Carta Aberta ao Exmo. Ministro da Educação do Brasil

Sr. Fernando Haddad

Caro Ministro,

A REDE NACIONAL DE NEGRAS E NEGROS LGBT, entidade social, representada em 20 estados do Brasil e um Distrito Federal, que tem como objetivo o enfrentamento à homofobia, ao racismo, ao machismo, à intolerância religiosa e toda sorte de preconceitos e discriminação, vem respeitosamente dialogar com esse ministério acerca do uso do livro Caçadas de Pedrinho nas escolas e bibliotecas escolares de nosso país.

Entendemos que a literatura, antes mesmo de ser apenas arte pela arte, é uma ferramenta cultural, ideológica, formadora de opinião e reflexão sobre a sociedade em que vivemos.

Entendemos que o escritor Monteiro Lobato é uma personalidade conhecida e reconhecida internacionalmente pela grandeza de sua obra.

Entendemos ainda que durante muitos anos o Brasil viveu sob uma ótica de que não existia racismo, isso porque nossa nação foi pensada como uma nação de povos mestiços, criando a falsa impressão de que no Brasil não existe nem branco, nem negro, nem indígena, mas uma mistura de tudo, esse pensamento pode ser constatado na obra Macunaíma de Mario de Andrade.

A idéia da “não existência de negros na sociedade” mascarou ideologicamente o racismo presente e evidente em nosso país, embora o outro lado da história do Brasil constate a exclusão social e o tratamento desumano dado a negras e negros ao longo de toda nossa história, basta ver os índices de desempregados, encarcerados, analfabetos, mortes violentas, e toda sorte de violência física e ou psicológica cometidas contra a população negra de nosso país.

Obviamente, Sr ministro, toda violência, seja física ou psicológica, tem uma origem, essa origem pode ser evidente ou sutil, mas ela nasce de alguma “historinha”, alguma canção aparentemente inofensiva, de uma piadinha sem “intenção”, e vale ressaltar que nas escolas todos os dias vemos crianças brancas ou negras apelidando as outras também negras de macacos ou macacas, comparação que Monteiro Lobato faz a Tia Anastácia, personagem mulher negra de sua obra Caçadas de Pedrinho.

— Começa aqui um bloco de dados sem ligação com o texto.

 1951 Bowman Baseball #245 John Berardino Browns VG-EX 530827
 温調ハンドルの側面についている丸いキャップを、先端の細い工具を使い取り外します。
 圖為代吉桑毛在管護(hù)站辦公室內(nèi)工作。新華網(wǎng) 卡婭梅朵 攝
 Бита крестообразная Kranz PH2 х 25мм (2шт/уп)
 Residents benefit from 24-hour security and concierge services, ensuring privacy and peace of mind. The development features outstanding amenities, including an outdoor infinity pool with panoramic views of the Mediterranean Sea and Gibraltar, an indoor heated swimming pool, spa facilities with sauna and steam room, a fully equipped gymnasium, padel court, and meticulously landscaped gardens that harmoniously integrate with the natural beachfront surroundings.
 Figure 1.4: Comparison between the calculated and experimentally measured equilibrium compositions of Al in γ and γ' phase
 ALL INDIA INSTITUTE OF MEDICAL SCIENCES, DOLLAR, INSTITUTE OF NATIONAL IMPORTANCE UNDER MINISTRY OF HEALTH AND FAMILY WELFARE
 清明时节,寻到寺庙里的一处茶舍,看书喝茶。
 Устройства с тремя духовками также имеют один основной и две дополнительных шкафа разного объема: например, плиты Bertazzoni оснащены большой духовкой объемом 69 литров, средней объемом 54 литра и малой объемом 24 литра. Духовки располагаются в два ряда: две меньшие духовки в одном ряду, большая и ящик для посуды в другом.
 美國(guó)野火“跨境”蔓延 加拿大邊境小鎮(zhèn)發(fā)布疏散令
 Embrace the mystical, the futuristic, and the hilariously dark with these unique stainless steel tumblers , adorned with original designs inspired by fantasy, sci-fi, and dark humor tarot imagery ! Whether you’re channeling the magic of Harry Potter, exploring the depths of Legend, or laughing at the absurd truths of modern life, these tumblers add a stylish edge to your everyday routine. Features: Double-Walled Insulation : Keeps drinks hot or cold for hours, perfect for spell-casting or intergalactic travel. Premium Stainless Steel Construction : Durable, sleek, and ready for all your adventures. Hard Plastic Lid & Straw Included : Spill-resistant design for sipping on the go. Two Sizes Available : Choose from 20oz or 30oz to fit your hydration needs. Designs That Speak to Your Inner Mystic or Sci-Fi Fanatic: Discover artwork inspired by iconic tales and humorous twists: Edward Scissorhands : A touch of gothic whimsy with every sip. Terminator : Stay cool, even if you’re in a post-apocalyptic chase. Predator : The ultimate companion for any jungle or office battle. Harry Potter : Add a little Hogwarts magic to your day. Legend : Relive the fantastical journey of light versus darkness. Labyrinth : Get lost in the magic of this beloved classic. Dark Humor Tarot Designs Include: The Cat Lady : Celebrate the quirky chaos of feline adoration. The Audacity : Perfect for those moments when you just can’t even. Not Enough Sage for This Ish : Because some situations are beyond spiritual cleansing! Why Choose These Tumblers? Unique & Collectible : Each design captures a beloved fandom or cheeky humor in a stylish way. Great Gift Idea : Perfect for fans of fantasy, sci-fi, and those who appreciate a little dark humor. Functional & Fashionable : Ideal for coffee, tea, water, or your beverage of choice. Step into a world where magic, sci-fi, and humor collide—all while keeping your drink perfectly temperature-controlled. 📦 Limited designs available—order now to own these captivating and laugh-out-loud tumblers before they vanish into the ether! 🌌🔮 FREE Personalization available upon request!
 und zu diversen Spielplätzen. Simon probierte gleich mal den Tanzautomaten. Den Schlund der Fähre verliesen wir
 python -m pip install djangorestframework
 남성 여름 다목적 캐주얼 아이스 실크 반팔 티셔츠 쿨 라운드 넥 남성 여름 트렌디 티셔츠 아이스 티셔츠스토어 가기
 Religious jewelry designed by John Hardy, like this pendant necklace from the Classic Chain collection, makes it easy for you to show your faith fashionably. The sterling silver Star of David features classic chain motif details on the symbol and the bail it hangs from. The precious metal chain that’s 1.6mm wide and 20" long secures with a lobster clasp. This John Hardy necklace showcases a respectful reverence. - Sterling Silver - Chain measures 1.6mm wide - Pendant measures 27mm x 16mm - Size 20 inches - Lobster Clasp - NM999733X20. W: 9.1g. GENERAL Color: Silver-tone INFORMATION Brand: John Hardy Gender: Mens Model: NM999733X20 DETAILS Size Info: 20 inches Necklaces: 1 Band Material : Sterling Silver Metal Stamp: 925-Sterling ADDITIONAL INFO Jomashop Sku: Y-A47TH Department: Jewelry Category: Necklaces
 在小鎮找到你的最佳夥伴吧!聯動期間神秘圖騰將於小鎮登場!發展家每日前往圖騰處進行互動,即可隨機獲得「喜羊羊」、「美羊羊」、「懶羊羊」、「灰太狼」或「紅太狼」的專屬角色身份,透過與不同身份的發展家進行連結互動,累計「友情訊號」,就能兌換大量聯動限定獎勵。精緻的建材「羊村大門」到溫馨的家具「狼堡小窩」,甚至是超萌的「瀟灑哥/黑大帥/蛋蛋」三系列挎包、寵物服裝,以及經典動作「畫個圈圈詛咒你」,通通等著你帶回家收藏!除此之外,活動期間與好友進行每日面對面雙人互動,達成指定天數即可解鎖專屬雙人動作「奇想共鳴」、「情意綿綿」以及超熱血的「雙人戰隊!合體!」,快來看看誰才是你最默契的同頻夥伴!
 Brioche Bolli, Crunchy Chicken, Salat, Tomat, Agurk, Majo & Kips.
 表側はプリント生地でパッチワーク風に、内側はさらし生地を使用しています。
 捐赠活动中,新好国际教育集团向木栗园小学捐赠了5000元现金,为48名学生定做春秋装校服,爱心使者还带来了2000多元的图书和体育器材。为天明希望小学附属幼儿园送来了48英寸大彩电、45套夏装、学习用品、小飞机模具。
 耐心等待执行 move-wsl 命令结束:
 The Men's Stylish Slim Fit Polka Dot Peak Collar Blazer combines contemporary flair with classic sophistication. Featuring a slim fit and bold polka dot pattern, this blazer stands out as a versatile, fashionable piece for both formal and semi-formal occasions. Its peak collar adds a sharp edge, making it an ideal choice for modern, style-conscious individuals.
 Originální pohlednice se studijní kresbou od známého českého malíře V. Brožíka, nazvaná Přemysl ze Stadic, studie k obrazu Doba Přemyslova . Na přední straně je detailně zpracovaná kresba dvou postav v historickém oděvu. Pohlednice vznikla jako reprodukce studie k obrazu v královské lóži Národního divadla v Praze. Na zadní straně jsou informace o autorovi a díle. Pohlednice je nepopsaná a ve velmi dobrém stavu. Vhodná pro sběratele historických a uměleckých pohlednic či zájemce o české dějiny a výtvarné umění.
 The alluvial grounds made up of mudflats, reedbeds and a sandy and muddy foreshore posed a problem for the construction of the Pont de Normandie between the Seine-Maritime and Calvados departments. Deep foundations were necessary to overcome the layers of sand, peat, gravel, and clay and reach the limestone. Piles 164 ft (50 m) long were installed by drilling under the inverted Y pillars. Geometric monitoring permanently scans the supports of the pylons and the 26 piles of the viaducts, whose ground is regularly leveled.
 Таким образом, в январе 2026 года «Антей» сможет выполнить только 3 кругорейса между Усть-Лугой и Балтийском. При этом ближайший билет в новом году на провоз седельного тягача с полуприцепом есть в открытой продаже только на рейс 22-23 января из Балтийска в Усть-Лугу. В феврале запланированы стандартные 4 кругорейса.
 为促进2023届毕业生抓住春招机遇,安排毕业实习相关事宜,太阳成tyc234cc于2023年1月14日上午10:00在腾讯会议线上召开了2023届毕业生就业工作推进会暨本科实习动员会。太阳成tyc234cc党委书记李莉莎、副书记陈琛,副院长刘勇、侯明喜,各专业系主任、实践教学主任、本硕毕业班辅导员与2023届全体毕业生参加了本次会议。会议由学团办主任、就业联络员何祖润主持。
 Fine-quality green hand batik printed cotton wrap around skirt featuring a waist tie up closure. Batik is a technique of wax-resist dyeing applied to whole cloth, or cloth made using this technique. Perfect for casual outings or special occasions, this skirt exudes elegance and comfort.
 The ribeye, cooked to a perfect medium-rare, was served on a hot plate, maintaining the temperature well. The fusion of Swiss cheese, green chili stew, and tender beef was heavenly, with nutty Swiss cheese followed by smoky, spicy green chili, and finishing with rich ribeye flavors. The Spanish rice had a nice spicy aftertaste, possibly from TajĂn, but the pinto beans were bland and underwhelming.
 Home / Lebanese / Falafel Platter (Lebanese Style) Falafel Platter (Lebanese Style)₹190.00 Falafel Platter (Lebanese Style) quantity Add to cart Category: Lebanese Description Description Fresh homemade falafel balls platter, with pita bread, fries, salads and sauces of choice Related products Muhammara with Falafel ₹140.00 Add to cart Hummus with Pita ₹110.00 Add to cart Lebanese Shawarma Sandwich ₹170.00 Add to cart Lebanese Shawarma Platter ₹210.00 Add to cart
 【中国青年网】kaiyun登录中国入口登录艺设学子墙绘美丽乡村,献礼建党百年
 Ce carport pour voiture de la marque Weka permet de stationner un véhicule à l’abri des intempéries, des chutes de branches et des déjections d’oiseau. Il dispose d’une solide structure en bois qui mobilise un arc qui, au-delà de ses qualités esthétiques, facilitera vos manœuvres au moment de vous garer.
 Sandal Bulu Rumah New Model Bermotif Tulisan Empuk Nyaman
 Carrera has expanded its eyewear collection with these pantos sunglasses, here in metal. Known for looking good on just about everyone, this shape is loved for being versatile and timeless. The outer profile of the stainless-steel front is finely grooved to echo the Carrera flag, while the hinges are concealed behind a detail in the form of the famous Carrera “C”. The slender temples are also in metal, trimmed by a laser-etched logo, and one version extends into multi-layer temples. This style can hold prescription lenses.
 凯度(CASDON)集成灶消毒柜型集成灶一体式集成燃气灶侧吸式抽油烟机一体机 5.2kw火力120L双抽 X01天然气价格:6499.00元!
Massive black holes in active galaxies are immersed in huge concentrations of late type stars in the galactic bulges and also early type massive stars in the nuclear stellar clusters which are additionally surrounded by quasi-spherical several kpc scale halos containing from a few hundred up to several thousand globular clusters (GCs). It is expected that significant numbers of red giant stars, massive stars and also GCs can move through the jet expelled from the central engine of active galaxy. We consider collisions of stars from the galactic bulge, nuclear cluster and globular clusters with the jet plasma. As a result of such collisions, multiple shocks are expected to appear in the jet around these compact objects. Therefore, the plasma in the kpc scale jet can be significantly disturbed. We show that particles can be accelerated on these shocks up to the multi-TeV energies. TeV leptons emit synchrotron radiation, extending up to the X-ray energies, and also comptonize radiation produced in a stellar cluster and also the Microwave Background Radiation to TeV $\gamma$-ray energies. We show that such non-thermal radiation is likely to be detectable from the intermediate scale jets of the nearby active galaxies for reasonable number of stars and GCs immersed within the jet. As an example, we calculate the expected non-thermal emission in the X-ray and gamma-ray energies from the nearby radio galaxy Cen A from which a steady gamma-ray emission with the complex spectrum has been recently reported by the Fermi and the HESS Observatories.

Acreditamos que o Sr Ministro e toda sociedade  deve conhecer o “Atirei o Pau no Gato”, ou ainda o” Boi da Cara Preta”,  à primeira vista parecem canções inofensivas sem nenhuma intenção de criar violências até então, no entanto aos olhos mais críticos, sejam de pedagogos, professores, historiadores, ativistas sociais, pessoas comuns da sociedade; dá para perceber, evidentemente, que o pau no gato poderá educar uma criança com a idéia de que se pode maltratar os animais, o que por sinal também aparece na obra de Monteiro Lobato, pois quem não lembra do Sítio do Pica-pau Amarelo na televisão mostrando o Pedrinho com seu bodoque, ou estilingue (depende da região como nomeia um instrumento de violência para matar passarinhos) atirando pedras em passarinhos.

Também fica evidente que o “Boi da Cara Preta” poderá criar nas criancinhas a ideia de que negros e negras são pessoas maldosas, perigosas que podem pegar crianças, posto que os mesmos possuem, não só a cara, como todo o corpo preto.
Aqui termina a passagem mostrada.